The Diophantine equation $x_1^6+x_2^6+y^6=z^2$ where both $(x_i)\equiv 0{\pmod 7}$.
As a logical follow on to The Diophantine equation $x_1^6+x_2^6+x_3^6=z^2$ where exactly one $(x_i)\equiv 0{\pmod 7}$. I have considered the case with exactly two of the sixth powers $\equiv 0{\pmod 7}$.

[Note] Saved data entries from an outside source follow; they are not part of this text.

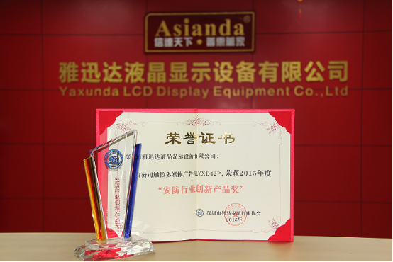由智安协主办的2015年度安防行业奖项评选颁奖典礼在政府单位、中国安防企业家俱乐部、地产物业、工程商、设计院、智安协专家、国内众多知名安防企业代表和媒体的见证下也颇为隆重。雅迅达参与评选的“触控多媒体广告机YXD42P”获得了政府、协会的认可和高数据的网络用户投票,并荣幸夺得“安防创新产品奖”。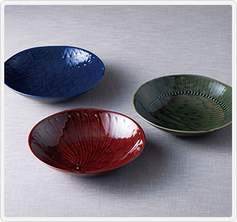 岐阜県東濃地方にある、多治見市・土岐市・瑞浪市・可児市・笠原町の4市1町で生産されている美濃焼。美濃には良質の粘土が多く、平安時代より盛んに焼物が生産されていました。その後も発展を続け、現在では全国総生産の約50%のシェアを誇っています。シンプルな形状と色味のため、和食はもちろん、どんな料理にも合う、美濃焼の深皿3枚セットです。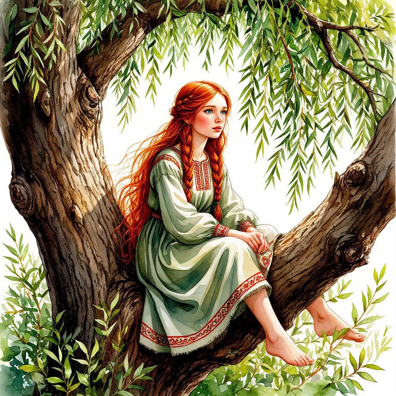 Она уютно устроилась на ветках одной из раскидистых старых ив, которые в изобилии росли вокруг терема. Спрятавшись в листве, колдунья наблюдала за суетой, творящейся возле дома.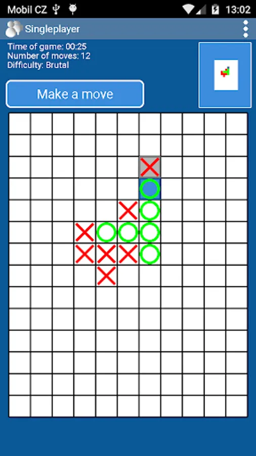 TicTacToe is classic Gomoku game we know from school. Here are rules for repeat: The one player who has five 5 a same marks (cross or circle) in a horizontal, vertical, or diagonal row wins the game. The opponent tries to achieve the same.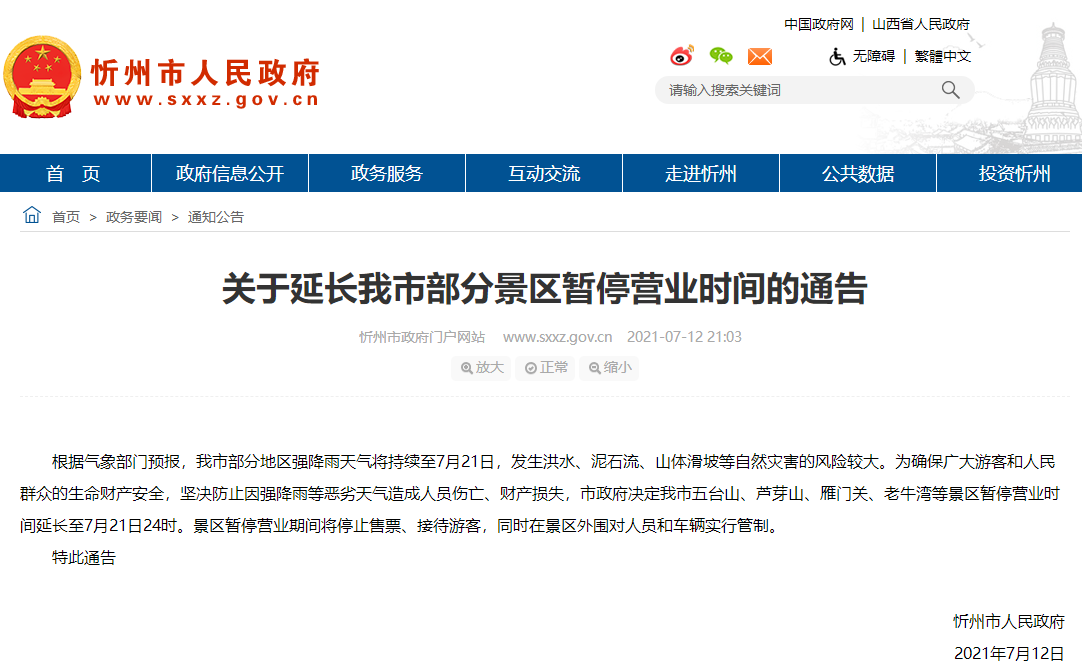 记者从山西忻州市政府了解到,根据气象部门预报,忻州市部分地区强降雨天气将持续至7月21日,发生洪水、泥石流、山体滑坡等自然灾害的风险较大。为确保广大游客和人民群众的生命财产安全,防止因强降雨等恶劣天气造成人员伤亡、财产损失,忻州市政府决定忻州市五台山、芦芽山、雁门关、老牛湾等景区暂停营业时间延长至7月21日24时。景区暂停营业期间将停止售票、接待游客,同时在景区外围对人员和车辆实行管制。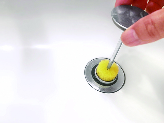 必ず爪楊枝などの尖った先のものでひっかけて取り外してください。手で取り外すとスポンジが奥に入り込んで取りにくくなったり、詰まってしまったりする恐れがあります。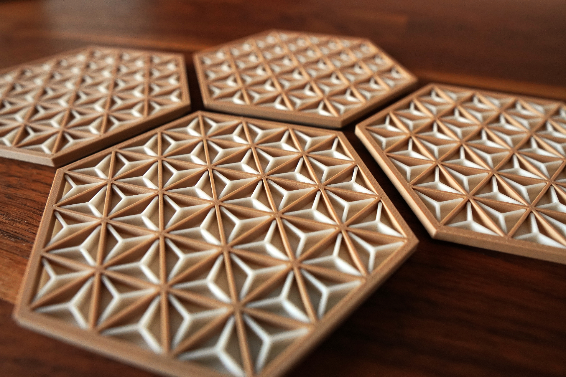 A kumiko-inspired coaster that brings crafted, geometric detail to your table. It protects surfaces from heat and moisture while adding a clean, modern accent to living rooms, kitchens, or workspaces.

Although I’ve attempted two different methods, I’ve not found a solution up to $z=10^{12}$
Method 1
Calculate $(7a)^6+(7b)^6+y^6$ within a range, testing if each result is square.
Method 2
As I’m interested in primitive solutions,
$$x_1=7a$$
$$x_2=7b$$
$$7^6(a^6+b^6)=z^2-y^6=(z-y^3)(z+y^3)$$
Then either $(z-y^3)\equiv 0{\pmod 7^6}$ or $(z+y^3)\equiv 0{\pmod 7^6}$.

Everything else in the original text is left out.